There's been a lot of discussion in the country about whether he is a hero or a traitor. I am glad this information came out, because I think the American people have a right to know, I'm also concern though about revealing secrets. What's your take on it?

PAUL: You know, I think if he had revealed a computer program that showed how we eavesdropped on people who are enemies, that would be a very serious crime. But he revealed something that the media complained everybody already knew about it anyway. So, we did. I had been revealed, The New York Times have revealed it. We passed special legislation -- I voted against all of this. But they did pass special legislation authorizing it.

But he still feels like it goes against the Fourth Amendment and what the Constitution and the Bill of Rights stands for. I tend to agree with his position (INAUDIBLE) on deciding when you decide to become a civil disobedient. You know, we had famous ones in our career. Some of them only had to serve like one day in jail. Martin Luther King served 30 days in jail. He may be looking at live in prison. So, there's a question. People are saying, oh, we ought to just come home, but I don't know if that's a good or bad idea if he's facing life in prison.

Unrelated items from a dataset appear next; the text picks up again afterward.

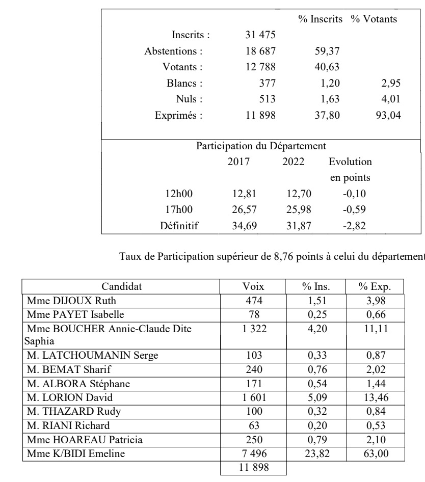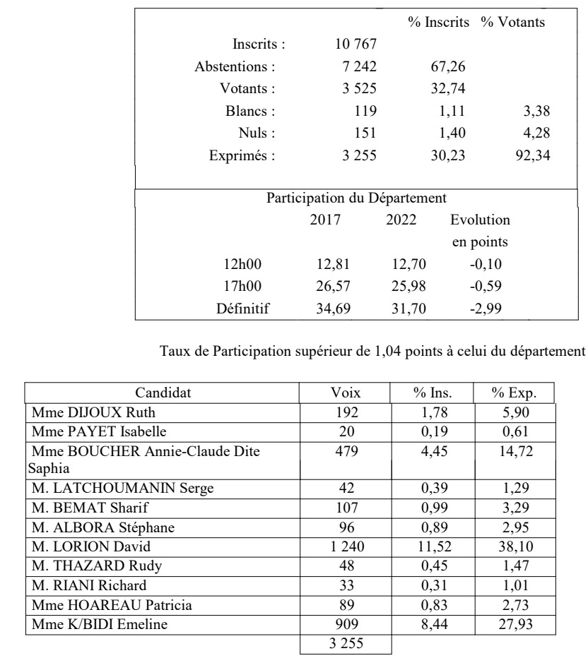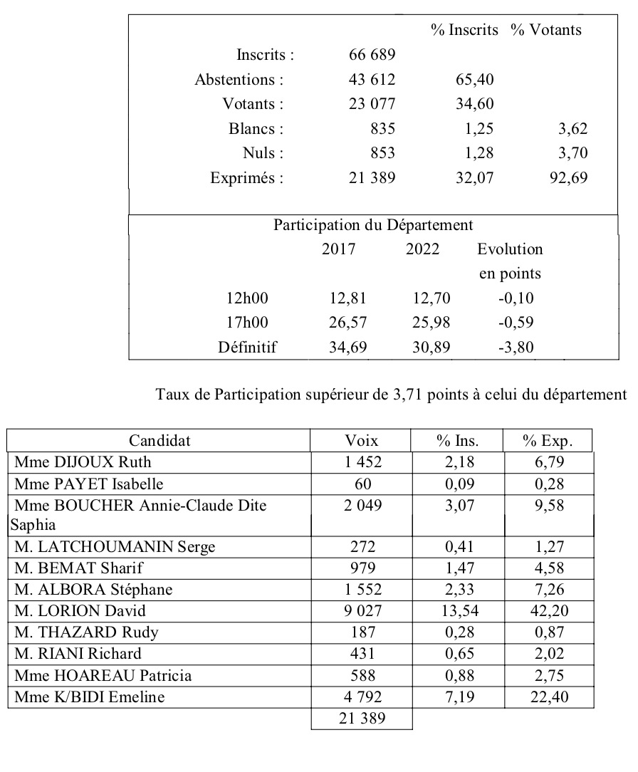 Les résultats définitifs de la 4ème circonscription sont tombés. Emeline K'Bidi arrive devant David Lorion avec 36,11% des voix, tandis que le député sortant et candidat LR totalise 32,48%. Tous deux iront donc au second tour. (Photo photo RB imazpress)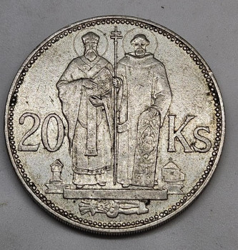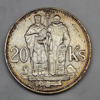 20 Koruna Slovenská 1941, Ag 500/1000, 15g, 31mm - jednokříž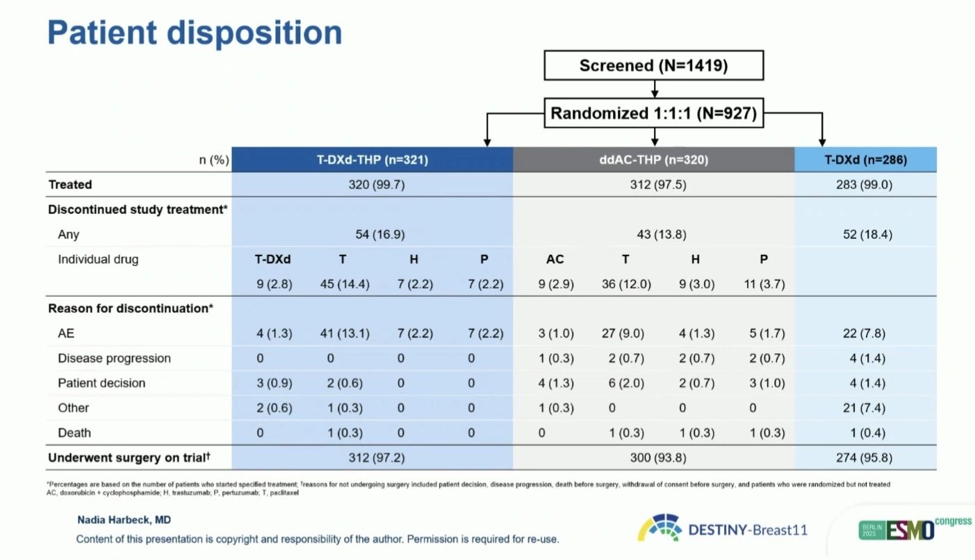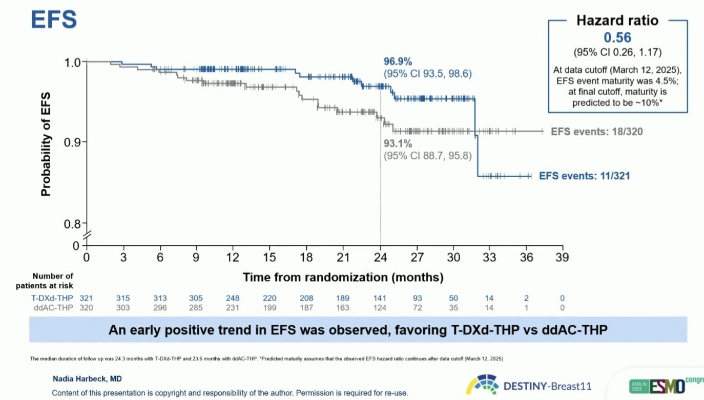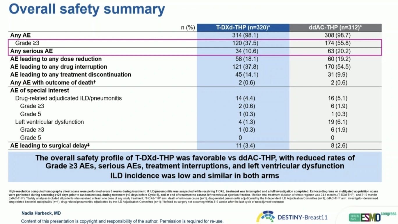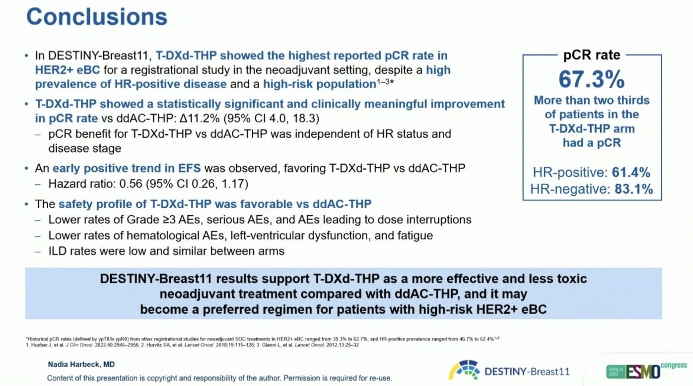One of the most practice-defining presentations today was DESTINY-Breast11, evaluating trastuzumab deruxtecan (T-DXd) in the neoadjuvant setting for high-risk, HER2-positive early breast cancer.

HANNITY: Yes. Let me ask you about this, this trip that the president in Dublin for the I guess the G-8 summit and the first lady has an entourage of 30, a $3,300 a night beautiful suite, pretty good life that you can have it. There's an upcoming trip to Africa later this month that is expected to cost $60 million to $100 million for taxpayers, but the president couldn't keep the White House open. Do you see a correlation there?

PAUL: Well, you know, we also don't have the Capitol Police guarding all the entrances to the Senate buildings anymore because the sequester, but we had enough for travel. We also had 225 IRS travel trips last year to the tune of $4 million they spent, it was over a two-year period.

So, really, you know, it's crazy what's going on with government travel, government expense. Overall, federal employees spent $9 billion on travel. And when all this came out about the sequester, I proposed that we cut it by 25 percent, don't let it affect the military, just cut everybody else by 25 percent, and it'd save over $2 billion. So, I think there's room for cutting and they ought to look in the mirror maybe.

HANNITY: All right. You've had a lot of trips recently. Let me say, you've been in Iowa, New Hampshire, South Carolina, very interesting states that you've been traveling to, Senator. How is one to interpret your travel schedule?

PAUL: Well, you know, when you go to the early primary states, people do pay attention, and right now, I want them to pay attention to the fact that I want a bigger Republican Party that competes in all 50 states, I want to go from five percent of the African-American vote to at least 20, 25 percent of the African-American vote in one election. If we do that, all the states where we're not competitive, all of a sudden they've become competitive again.

HANNITY: And that means, you are really seriously thinking about it.

PAUL: We're thinking about growing the party. What comes after that, we'll see.

HANNITY: You know, you are not giving me any information. You're making it hard. I'm trying hard here, Senator. Not breaking news tonight, I got it.

PAUL: I'm trying to give you a scoop. The best I got.

HANNITY: All right. Good to see you, Senator Rand Paul. Thanks for being with us.